##### Data shown #####
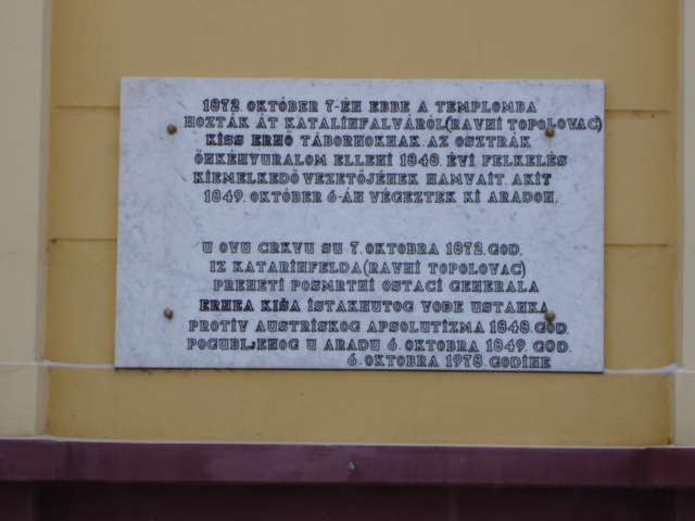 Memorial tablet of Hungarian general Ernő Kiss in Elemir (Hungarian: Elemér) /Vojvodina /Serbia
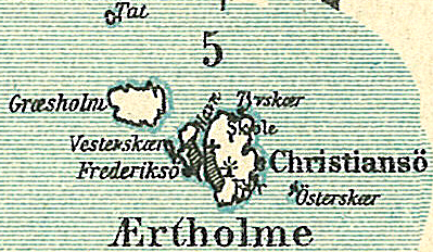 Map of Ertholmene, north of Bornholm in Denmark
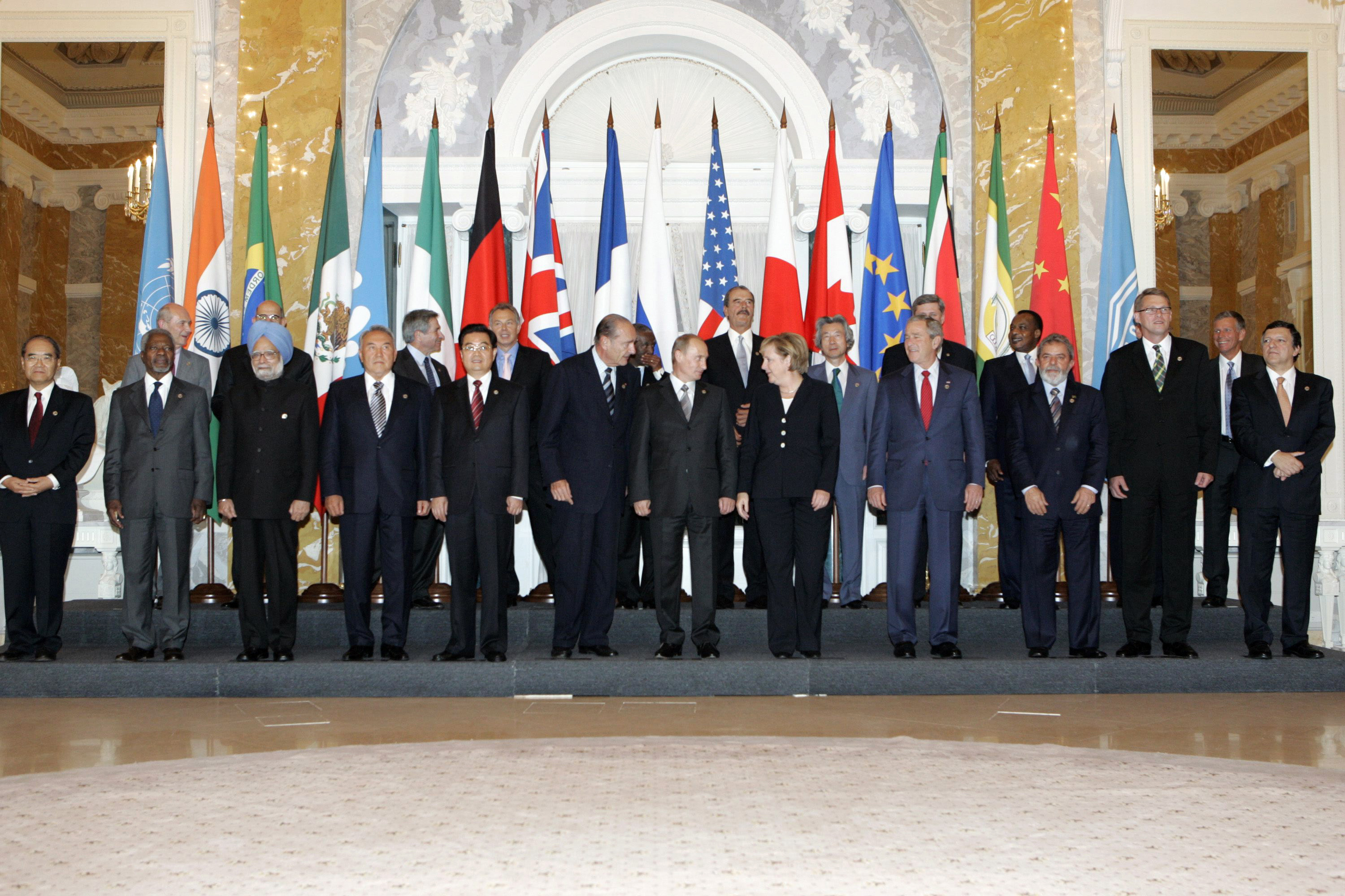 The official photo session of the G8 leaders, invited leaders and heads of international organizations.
#####
##### Data shown #####
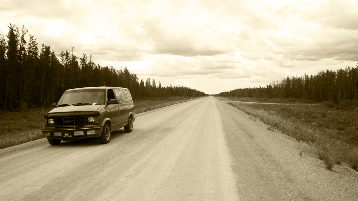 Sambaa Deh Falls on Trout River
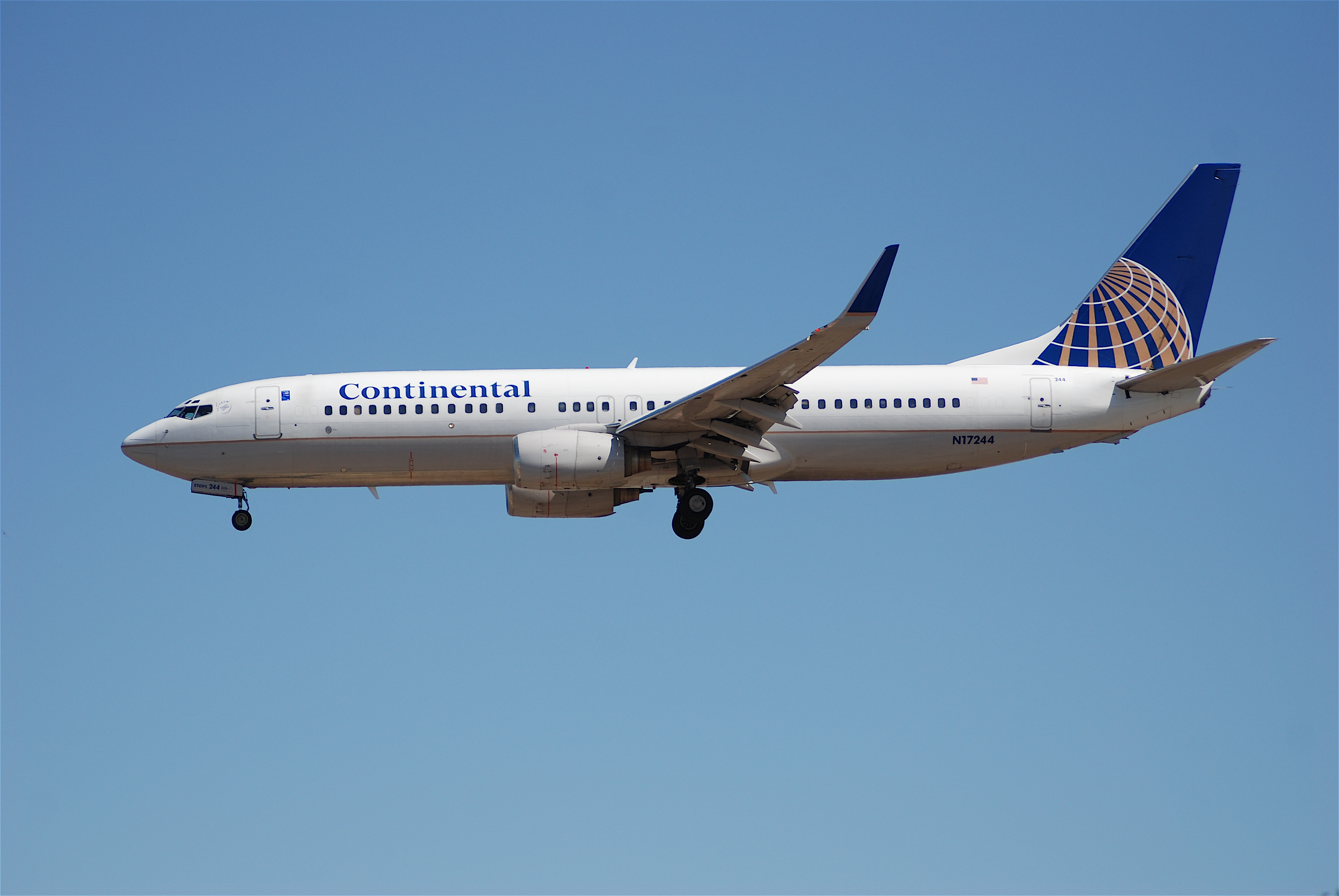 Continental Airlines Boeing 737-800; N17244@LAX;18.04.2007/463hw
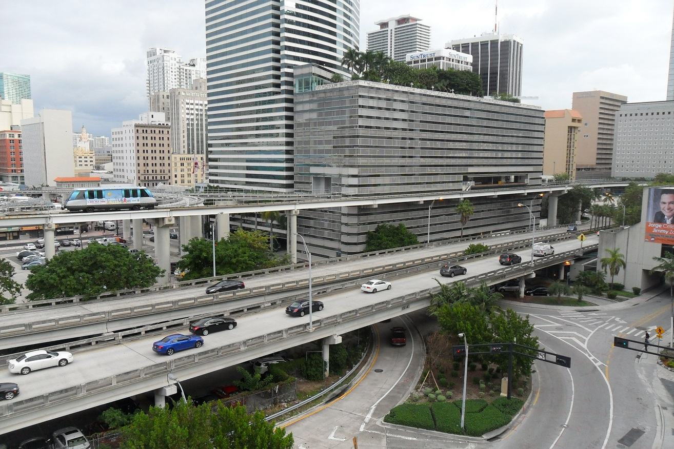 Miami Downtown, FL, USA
#####
##### Data shown #####
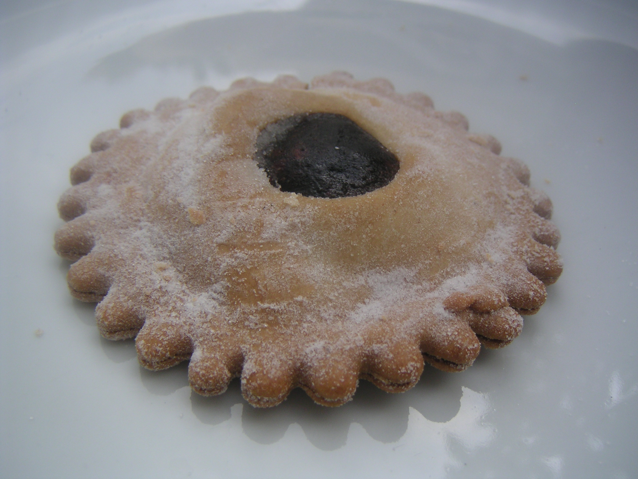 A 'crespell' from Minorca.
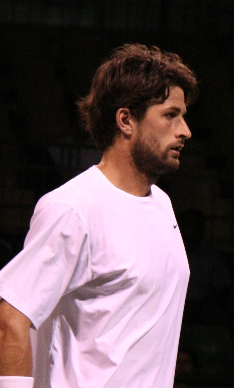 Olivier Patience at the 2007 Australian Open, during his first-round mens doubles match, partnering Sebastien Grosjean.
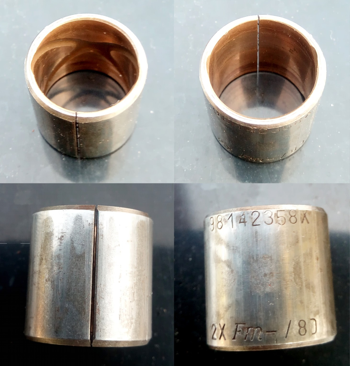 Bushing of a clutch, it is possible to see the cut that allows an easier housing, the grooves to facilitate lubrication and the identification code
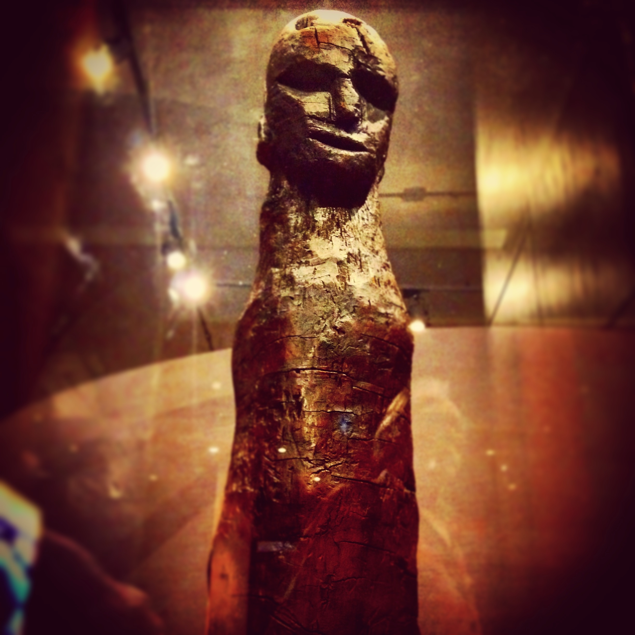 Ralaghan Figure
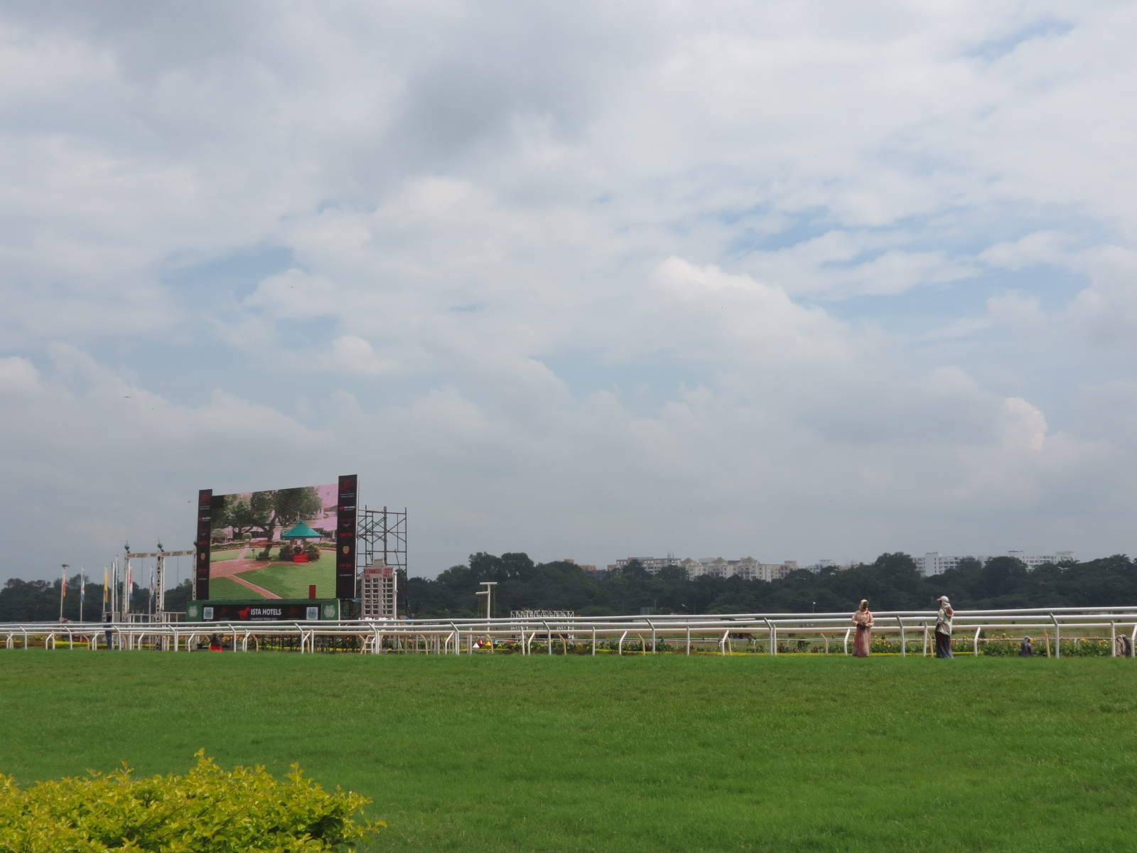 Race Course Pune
#####
* Work instruction:
Please return the data above exactly as it stands from the line with "Sambaa Deh Falls on Trout River" to the line with "Miami Downtown, FL, USA", keeping both of those lines but none of the pictures.

* Solution to the exercise:
 Sambaa Deh Falls on Trout River
 Continental Airlines Boeing 737-800; N17244@LAX;18.04.2007/463hw
 Miami Downtown, FL, USA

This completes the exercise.